◆ **Material for this task**
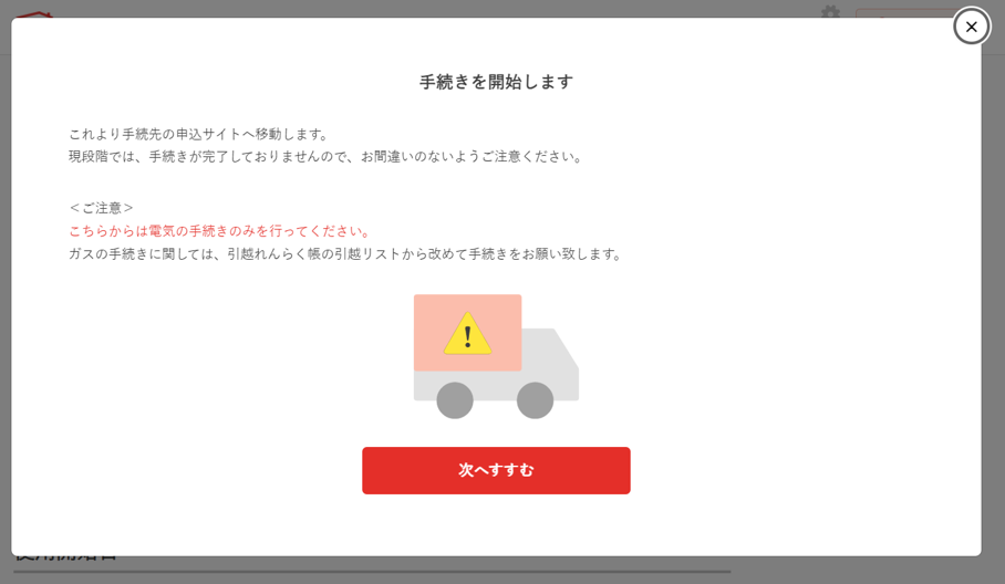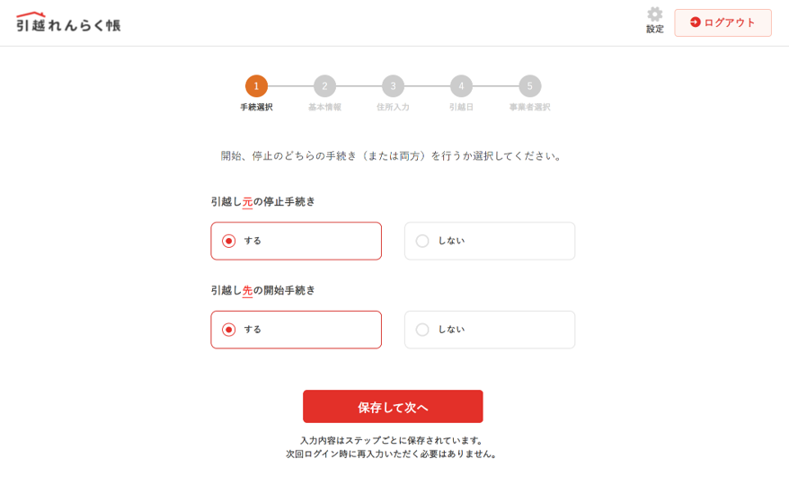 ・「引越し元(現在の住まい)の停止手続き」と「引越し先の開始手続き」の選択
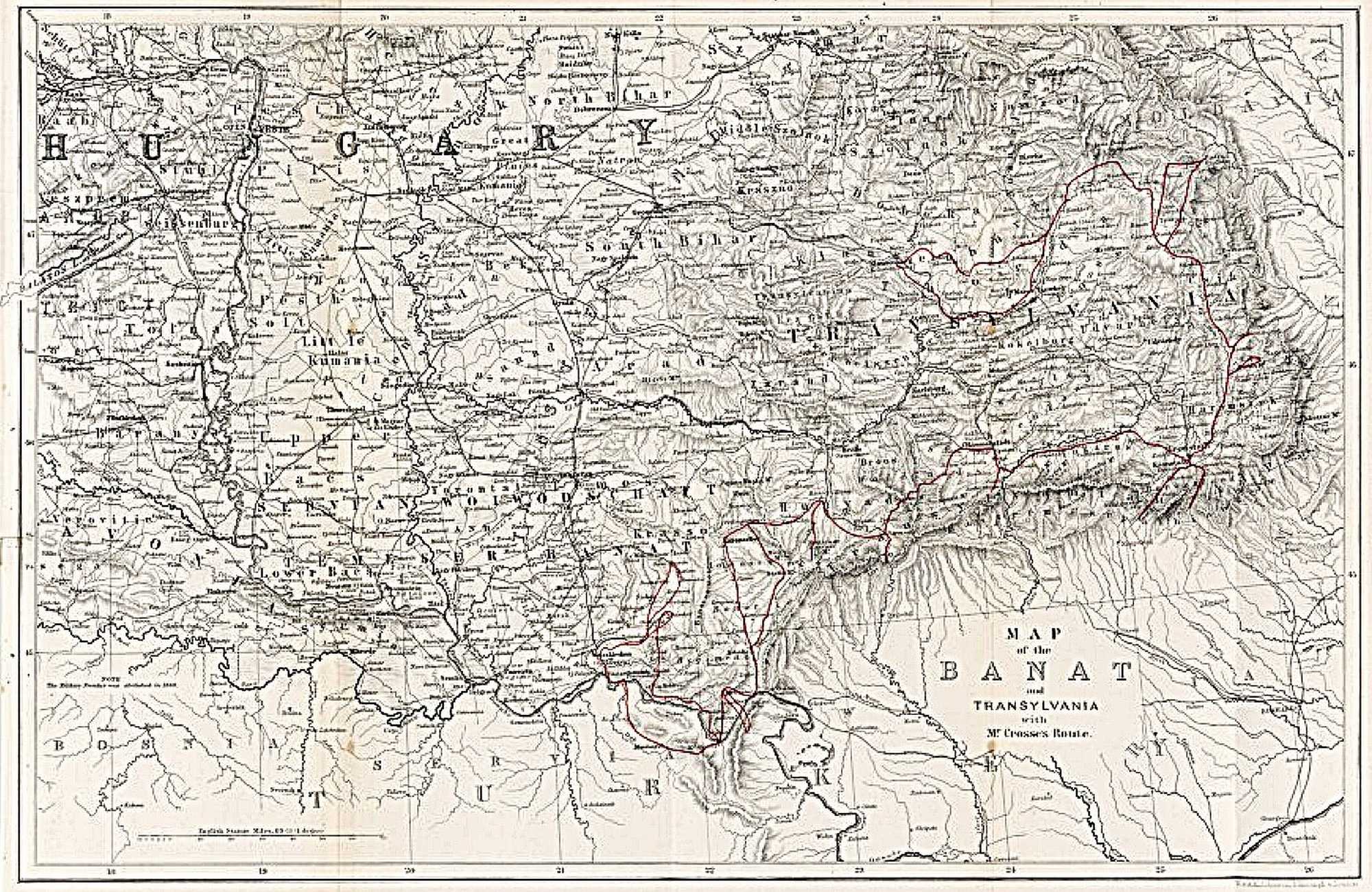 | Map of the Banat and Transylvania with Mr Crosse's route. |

...

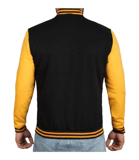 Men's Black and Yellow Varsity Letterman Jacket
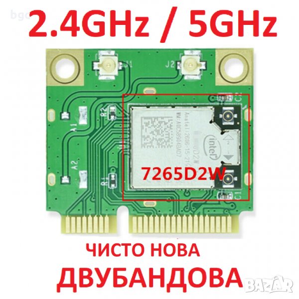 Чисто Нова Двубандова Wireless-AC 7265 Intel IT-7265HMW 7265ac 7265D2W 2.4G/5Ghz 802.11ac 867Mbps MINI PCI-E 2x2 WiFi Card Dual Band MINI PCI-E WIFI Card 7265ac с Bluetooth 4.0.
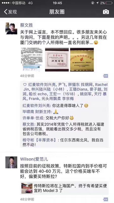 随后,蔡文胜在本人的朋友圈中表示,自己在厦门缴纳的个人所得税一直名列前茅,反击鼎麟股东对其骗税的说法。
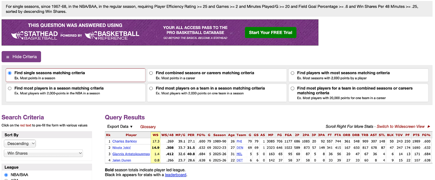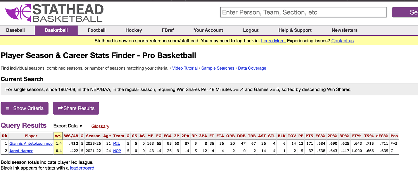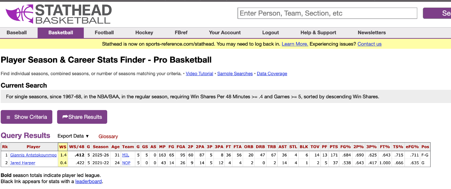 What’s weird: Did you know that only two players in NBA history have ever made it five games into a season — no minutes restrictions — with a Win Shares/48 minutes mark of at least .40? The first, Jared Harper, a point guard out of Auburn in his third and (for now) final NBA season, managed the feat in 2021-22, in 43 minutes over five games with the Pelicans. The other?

==

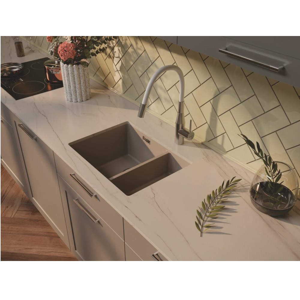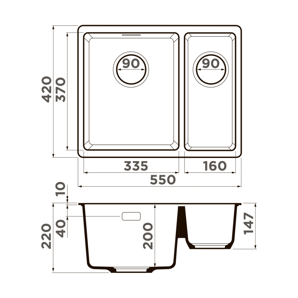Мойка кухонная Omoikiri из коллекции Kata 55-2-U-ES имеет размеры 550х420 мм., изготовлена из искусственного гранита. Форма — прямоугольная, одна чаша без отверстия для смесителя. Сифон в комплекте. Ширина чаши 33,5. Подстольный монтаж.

◆ **Work required**
In the data above, the stretch from the line with "随后,蔡文胜在本人的朋友圈中" through the line with "What’s weird: Did" is to be returned exactly, minus any pictures.

◆ **Exercise response**
 随后,蔡文胜在本人的朋友圈中表示,自己在厦门缴纳的个人所得税一直名列前茅,反击鼎麟股东对其骗税的说法。
 What’s weird: Did you know that only two players in NBA history have ever made it five games into a season — no minutes restrictions — with a Win Shares/48 minutes mark of at least .40? The first, Jared Harper, a point guard out of Auburn in his third and (for now) final NBA season, managed the feat in 2021-22, in 43 minutes over five games with the Pelicans. The other?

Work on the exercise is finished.